Exercise. What is needed is the exact text of each line in the listing below from the one with "veri amici ci" up to and including the one with "Витамины для собак Polidex", and no pictures.

Data for processing.
————————
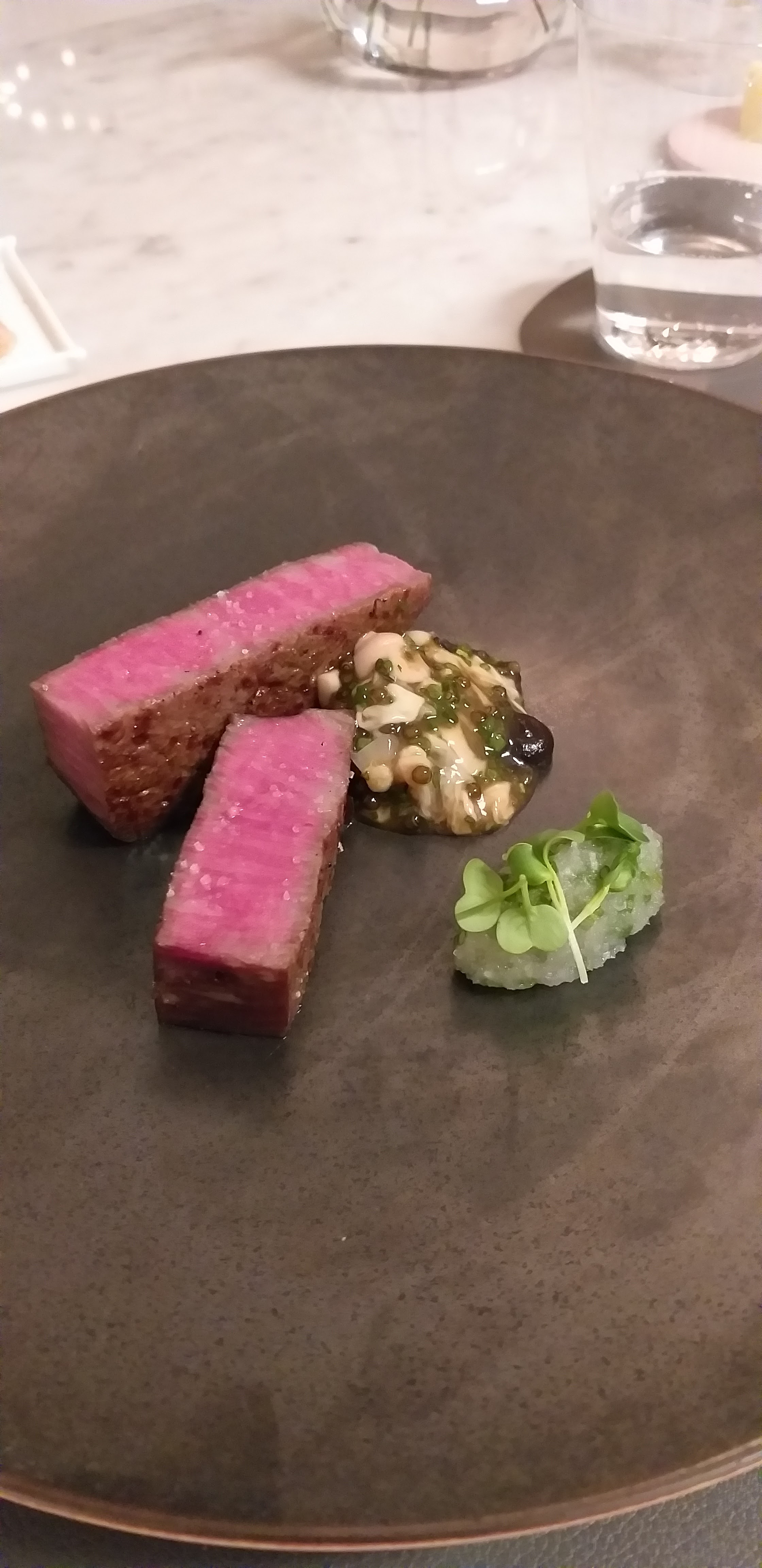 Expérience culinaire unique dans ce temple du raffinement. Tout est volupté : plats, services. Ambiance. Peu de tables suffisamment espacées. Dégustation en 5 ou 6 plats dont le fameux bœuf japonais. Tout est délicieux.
————————
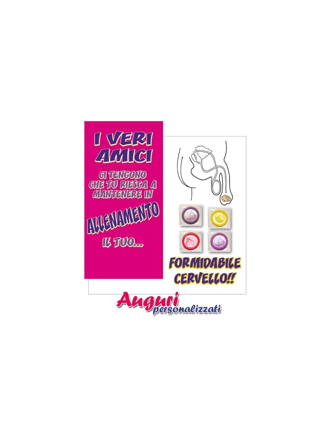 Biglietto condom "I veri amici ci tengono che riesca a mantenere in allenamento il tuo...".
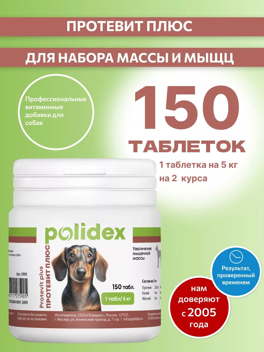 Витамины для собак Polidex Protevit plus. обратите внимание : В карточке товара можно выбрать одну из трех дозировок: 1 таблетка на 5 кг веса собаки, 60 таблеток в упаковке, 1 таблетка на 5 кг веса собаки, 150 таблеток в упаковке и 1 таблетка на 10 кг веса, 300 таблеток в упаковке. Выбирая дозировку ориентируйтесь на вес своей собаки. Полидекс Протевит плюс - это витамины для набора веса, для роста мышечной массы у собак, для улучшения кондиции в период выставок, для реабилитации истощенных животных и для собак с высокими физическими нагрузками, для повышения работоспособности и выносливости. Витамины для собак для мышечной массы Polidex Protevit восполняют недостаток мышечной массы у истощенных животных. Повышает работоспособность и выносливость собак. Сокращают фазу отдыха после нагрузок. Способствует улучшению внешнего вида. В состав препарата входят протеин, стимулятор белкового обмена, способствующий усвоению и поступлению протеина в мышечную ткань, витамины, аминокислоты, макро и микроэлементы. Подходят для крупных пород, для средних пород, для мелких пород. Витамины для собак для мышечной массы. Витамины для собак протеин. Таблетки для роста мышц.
————————
Exercise output.
 Biglietto condom "I veri amici ci tengono che riesca a mantenere in allenamento il tuo...".
 Витамины для собак Polidex Protevit plus. обратите внимание : В карточке товара можно выбрать одну из трех дозировок: 1 таблетка на 5 кг веса собаки, 60 таблеток в упаковке, 1 таблетка на 5 кг веса собаки, 150 таблеток в упаковке и 1 таблетка на 10 кг веса, 300 таблеток в упаковке. Выбирая дозировку ориентируйтесь на вес своей собаки. Полидекс Протевит плюс - это витамины для набора веса, для роста мышечной массы у собак, для улучшения кондиции в период выставок, для реабилитации истощенных животных и для собак с высокими физическими нагрузками, для повышения работоспособности и выносливости. Витамины для собак для мышечной массы Polidex Protevit восполняют недостаток мышечной массы у истощенных животных. Повышает работоспособность и выносливость собак. Сокращают фазу отдыха после нагрузок. Способствует улучшению внешнего вида. В состав препарата входят протеин, стимулятор белкового обмена, способствующий усвоению и поступлению протеина в мышечную ткань, витамины, аминокислоты, макро и микроэлементы. Подходят для крупных пород, для средних пород, для мелких пород. Витамины для собак для мышечной массы. Витамины для собак протеин. Таблетки для роста мышц.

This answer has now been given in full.